◆ Supplied material
*** Begin section ***

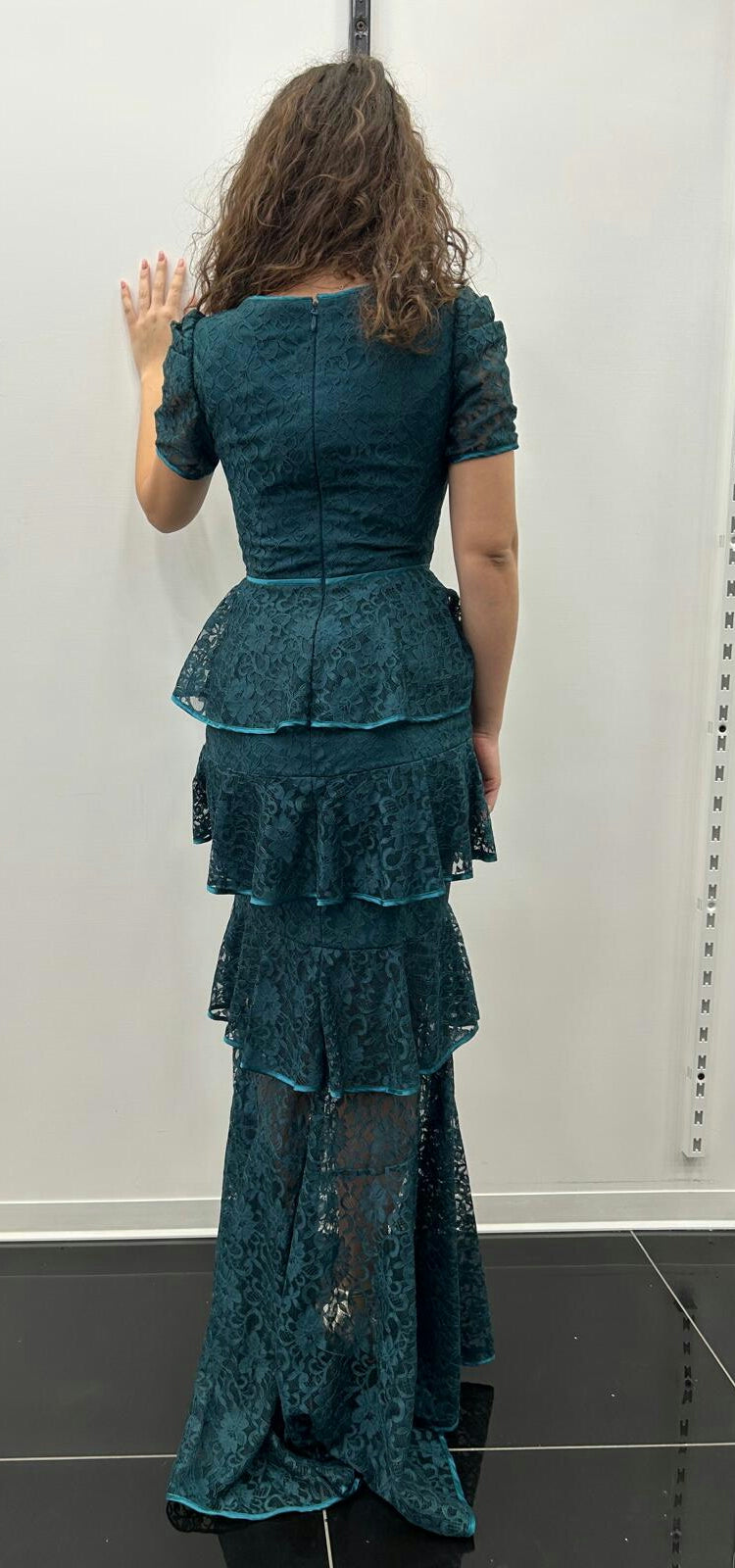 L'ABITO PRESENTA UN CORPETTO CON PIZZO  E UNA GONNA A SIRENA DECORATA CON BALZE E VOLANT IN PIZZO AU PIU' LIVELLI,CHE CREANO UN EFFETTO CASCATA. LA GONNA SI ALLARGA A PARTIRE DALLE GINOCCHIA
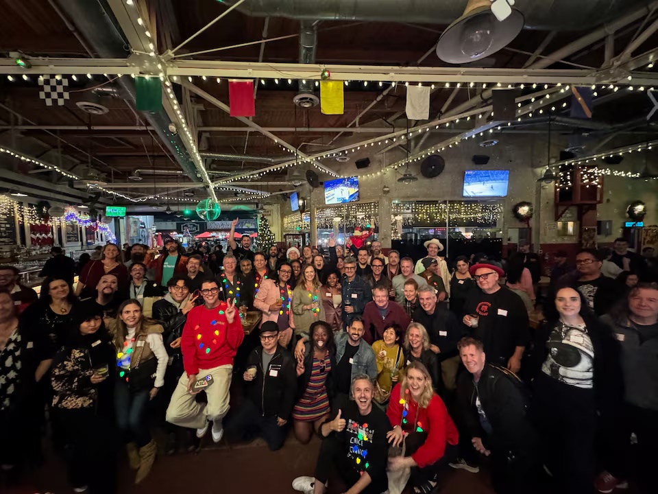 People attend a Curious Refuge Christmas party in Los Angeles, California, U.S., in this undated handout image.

*** End section ***
*** Begin section ***

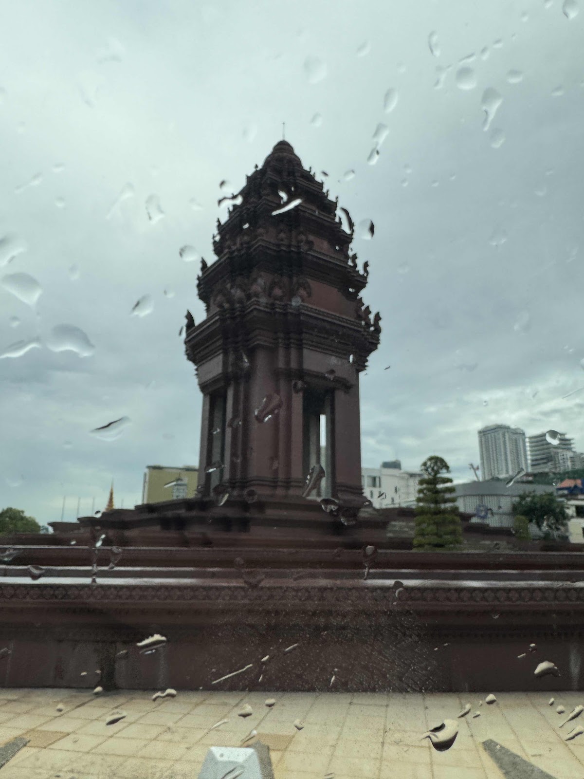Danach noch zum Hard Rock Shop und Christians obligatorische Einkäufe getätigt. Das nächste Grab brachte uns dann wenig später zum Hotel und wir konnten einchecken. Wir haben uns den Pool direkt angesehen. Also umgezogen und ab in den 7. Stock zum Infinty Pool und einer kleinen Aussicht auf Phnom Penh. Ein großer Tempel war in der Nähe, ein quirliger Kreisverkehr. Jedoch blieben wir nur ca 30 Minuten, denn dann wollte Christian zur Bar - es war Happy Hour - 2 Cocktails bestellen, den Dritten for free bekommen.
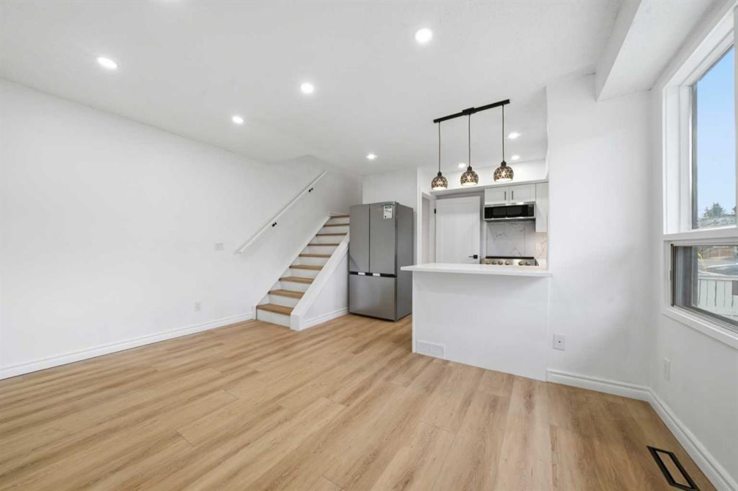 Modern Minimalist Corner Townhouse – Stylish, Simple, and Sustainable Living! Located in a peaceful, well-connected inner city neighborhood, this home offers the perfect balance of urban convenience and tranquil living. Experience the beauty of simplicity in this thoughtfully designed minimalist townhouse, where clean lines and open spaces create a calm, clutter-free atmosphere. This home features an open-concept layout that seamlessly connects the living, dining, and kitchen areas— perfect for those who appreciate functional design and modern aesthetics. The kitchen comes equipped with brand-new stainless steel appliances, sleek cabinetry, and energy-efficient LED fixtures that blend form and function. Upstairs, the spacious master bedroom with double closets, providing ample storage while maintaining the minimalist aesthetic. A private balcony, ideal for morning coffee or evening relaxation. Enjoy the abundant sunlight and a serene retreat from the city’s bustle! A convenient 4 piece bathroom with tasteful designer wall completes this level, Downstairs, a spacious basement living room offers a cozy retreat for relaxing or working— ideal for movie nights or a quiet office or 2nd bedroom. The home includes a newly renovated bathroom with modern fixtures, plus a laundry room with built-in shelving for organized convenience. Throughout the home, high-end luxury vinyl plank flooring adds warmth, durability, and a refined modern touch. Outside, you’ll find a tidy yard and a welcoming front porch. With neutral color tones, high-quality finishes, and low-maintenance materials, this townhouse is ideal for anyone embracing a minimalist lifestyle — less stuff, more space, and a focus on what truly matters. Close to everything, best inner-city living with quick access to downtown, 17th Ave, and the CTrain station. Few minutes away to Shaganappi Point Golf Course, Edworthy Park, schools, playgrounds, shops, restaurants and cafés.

*** End section ***
*** Begin section ***

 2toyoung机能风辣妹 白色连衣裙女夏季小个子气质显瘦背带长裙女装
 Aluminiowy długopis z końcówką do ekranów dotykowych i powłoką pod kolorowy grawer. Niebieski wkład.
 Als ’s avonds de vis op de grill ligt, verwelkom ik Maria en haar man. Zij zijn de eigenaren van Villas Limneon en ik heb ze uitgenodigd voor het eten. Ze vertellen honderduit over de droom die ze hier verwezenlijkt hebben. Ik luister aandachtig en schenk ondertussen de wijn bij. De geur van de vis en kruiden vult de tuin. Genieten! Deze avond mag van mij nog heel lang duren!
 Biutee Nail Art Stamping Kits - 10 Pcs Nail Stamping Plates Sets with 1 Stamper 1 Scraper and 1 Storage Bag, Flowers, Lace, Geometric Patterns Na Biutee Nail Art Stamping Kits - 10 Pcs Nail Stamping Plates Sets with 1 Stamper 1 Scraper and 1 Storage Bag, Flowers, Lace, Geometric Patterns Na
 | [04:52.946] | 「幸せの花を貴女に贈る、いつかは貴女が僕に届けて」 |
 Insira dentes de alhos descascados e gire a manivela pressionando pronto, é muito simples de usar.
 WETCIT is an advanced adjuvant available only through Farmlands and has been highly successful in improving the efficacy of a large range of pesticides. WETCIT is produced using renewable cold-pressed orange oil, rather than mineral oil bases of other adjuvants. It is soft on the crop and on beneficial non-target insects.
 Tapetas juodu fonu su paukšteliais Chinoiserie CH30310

*** End section ***

◆ Task description
Look above for the line containing "[04:52.946] | 「幸せの花を貴女に贈る、いつかは貴女が僕に届けて」 |". Output from there through the line containing "Tapetas juodu fonu", exactly and inclusively.

◆ Answer box
 | [04:52.946] | 「幸せの花を貴女に贈る、いつかは貴女が僕に届けて」 |
 Insira dentes de alhos descascados e gire a manivela pressionando pronto, é muito simples de usar.
 WETCIT is an advanced adjuvant available only through Farmlands and has been highly successful in improving the efficacy of a large range of pesticides. WETCIT is produced using renewable cold-pressed orange oil, rather than mineral oil bases of other adjuvants. It is soft on the crop and on beneficial non-target insects.
 Tapetas juodu fonu su paukšteliais Chinoiserie CH30310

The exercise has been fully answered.